Мужик-возчик охотно последовал примеру Михеева.
При въезде Михеева в Москву навстречу ему попадались многочисленные обозы, тянувшиеся по улицам. Это жители покидали город, забрав необходимые пожитки. Москва с каждым днём всё более и более пустела; как ни старался граф Ростопчин успокоить и уговорить москвичей — ему никто не верил. Жители буквально бежали из города; многие отправили своё имущество по реке на барках в Нижний, Казань и в другие волжские города. Повозки и лошади страшно вздорожали, а некоторые из жителей закапывали свои ценные вещи в садах и в огородах или замуравливали их в каменные стены; находились и такие, которые ломали свою мебель, били зеркала и стёкла, чтобы они не достались французам.
Ростопчин, с согласия преосвященного Августина, архиепископа Московского, готовился идти с крестным ходом на три горы для благословения войска и народа на упорную битву.
«Вооружитесь, кто чем может, конные и пешие, — писал он в своём воззвании к москвичам, — возьмите только на три дня хлеба, идите с крестом, возьмите хоругви из церквей и с сим знамением собирайтесь тотчас на трёх горах, я буду с вами — и вместе истребим злодея».
Около одной телеги, на которой полулежала больная женщина с двумя малолетними детьми, шёл, понуря голову, не старый ещё человек привлекательной наружности, в длинном сюртуке и в поярковой шляпе; это был учитель Иванов. Его небольшой домик находился рядом с огромными палатами князя Гарина; старик Михеев знал учителя и часто вёл с ним беседу, посиживая на скамеечке у ворот княжеского дома. Учитель был человек словоохотливый и не гнушался водить знакомство с княжеским денщиком; старик Михеев побывал со своим княжичем во всех почти европейских государствах, многое видал, многое слыхал и своими рассказами часто интересовал учителя.
— Барин, ты куда собрался? — слезая с телеги и подходя к Иванову, проговорил Михеев.
— А, дед, зравствуй и прощай.
— Куда, мол?
— И сам ещё не знаю — куда еду и куда приеду.
— А зачем собрался?
— Как зачем! Или ты, старик, не видишь, что пустеет Москва первопрестольная, покидают её, сиротливую, граждане — покидают ради страха. Будь я один, не оставил бы я Москву, положил бы свои кости здесь.
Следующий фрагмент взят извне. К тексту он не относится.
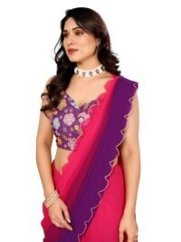 This Beautiful Indian Traditional Georgette Silk Saree . Saree is India’s one of the most popular and widely used traditional attires. The beauty and elegance of Indian women can be best revealed in saree. Saree, also called as Sari, is the most famous Indian attire worn by women not only in India but all over the world.

Но не один я, жена у меня больная, двое деток, и вот хочу я укрыть их от ненасытного, кровожадного Наполеона, — печальным голосом проговорил учитель Иванов.
— А ты думаешь, Москву Наполеон в полон возьмёт?
— Ох, возьмёт, супостат, — не пройдёт недели, как он будет хозяйничать в златоглавой.
— А на что же у нас фельдмаршал Кутузов, на что храбрые солдаты: не допустят они, не отдадут в полон Москву, — возразил Иванову старик денщик.
— Старик Кутузов благоразумный вождь, он не станет жертвовать кровью солдат: он сбережёт армию, а в армии вся сила.
— Но как же это? Москва в полоне — невозможное это дело, — не соглашался Михеев.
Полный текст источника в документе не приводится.